A pessoa ficava imersa, provavelmente só com a cabeça para fora de um lago com águas congelantes durante um certo tempo. Se saísse dali sem estar sofrendo muito com o frio, estava livre da acusação. Isso quando a pessoa não morria tentando provar a inocência! Uma variação da ordália fazia a pessoa ser amarrada e jogada em qualquer rio ou lago. Se ela boiasse, era culpada, já que segundo os acusadores, a água não receberia um corpo impuro, sujo com um crime.
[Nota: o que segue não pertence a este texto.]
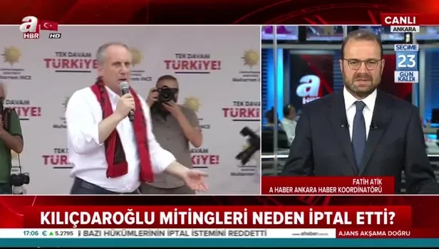 CHP Genel Başkanı Kılıçdaroğlu'nun, CHP'nin cumhurbaşkanı adayı Muharrem İnce ile 10 ortak miting yapacağı duyurulmuştu. Ancak Kılıçdaroğlu bu mitingleri iptal etti. Peki Ankara kulislerinde bu olay ile ilgili neler konuşuluyor. A Haber Ankara Haber Koordinatörü Fatih Atik, kulisleri canlı yayında değerlendirdi. Atik, kulislerde 24 Haziran'ın Kılıçdaroğlu'nun son seçimi olacağı , 'yoruldum' diyerek, hatta sağlık problemini gerekçe göstererek çekilmeyi düşündüğünün konuşulduğunu aktardı.

Esta ordália foi muito utilizada para culpar possíveis bruxas.

A prática das ordálias caiu em desuso com a chegada da época conhecida como Baixa Idade Média, por volta do ano 1100. Gradativamente as regiões que tinham este costume deixaram de lado as ordálias, substituindo por outros métodos de julgamento um pouco mais racionais e menos desumanos.

A Igreja contribuiu em parte com o fim da prática, já que existem registros de que a participação de membros da igreja nas ordálias foi proibida no IV Concílio de Latrão, em 1215. Sem o apoio do clero nas decisões, quem atestaria a intervenção divina e a culpa ou a inocência do(a) acusado(a)?

No entanto, quando o processo envolvia práticas hereges — como a bruxaria, por exemplo — a pessoa acusada podia sofrer torturas e até mesmo uma ordália durante seu interrogatório ou julgamento, de acordo com o Tribunal de Inquisição em que ela estava sendo julgada.

Apesar de perder importância na prática jurídica com o passar do tempo, as ordálias continuam vivas no Ocidente — pelo menos a ideia de provação.

Acostumou-se e chamar de ordália qualquer teste para uma pessoa entrar em alguma sociedade ou grupo restrito, como uma prova de que aquela pessoa está apta a fazer parte do grupo. Além disso, estas provações contemporâneas na maioria das vezes não causam dor ou desconforto físico para a pessoa que está cumprindo a ordália.